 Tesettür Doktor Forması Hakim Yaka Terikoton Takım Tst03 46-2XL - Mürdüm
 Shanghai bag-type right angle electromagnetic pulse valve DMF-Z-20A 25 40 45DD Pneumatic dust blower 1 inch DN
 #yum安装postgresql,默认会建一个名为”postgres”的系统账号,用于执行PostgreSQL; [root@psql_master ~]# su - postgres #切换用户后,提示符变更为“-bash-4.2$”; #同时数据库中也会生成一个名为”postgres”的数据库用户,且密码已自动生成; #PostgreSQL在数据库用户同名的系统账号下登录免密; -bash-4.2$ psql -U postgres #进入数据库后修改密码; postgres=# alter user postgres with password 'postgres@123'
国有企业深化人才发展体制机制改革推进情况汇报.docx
━━━━━━━━━━━━━━━━
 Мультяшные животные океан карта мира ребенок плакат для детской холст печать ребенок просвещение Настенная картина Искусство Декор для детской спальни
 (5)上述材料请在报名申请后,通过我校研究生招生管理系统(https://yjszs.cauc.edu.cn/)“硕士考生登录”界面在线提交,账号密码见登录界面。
━━━━━━━━━━━━━━━━
**TASK GOAL**
Transcribe the lines above between the line holding "Мультяшные животные океан" and the line holding "(5)上述材料请在报名申请后", inclusive, exactly as they stand and with nothing added.

**SOLUTION**
 Мультяшные животные океан карта мира ребенок плакат для детской холст печать ребенок просвещение Настенная картина Искусство Декор для детской спальни
 (5)上述材料请在报名申请后,通过我校研究生招生管理系统(https://yjszs.cauc.edu.cn/)“硕士考生登录”界面在线提交,账号密码见登录界面。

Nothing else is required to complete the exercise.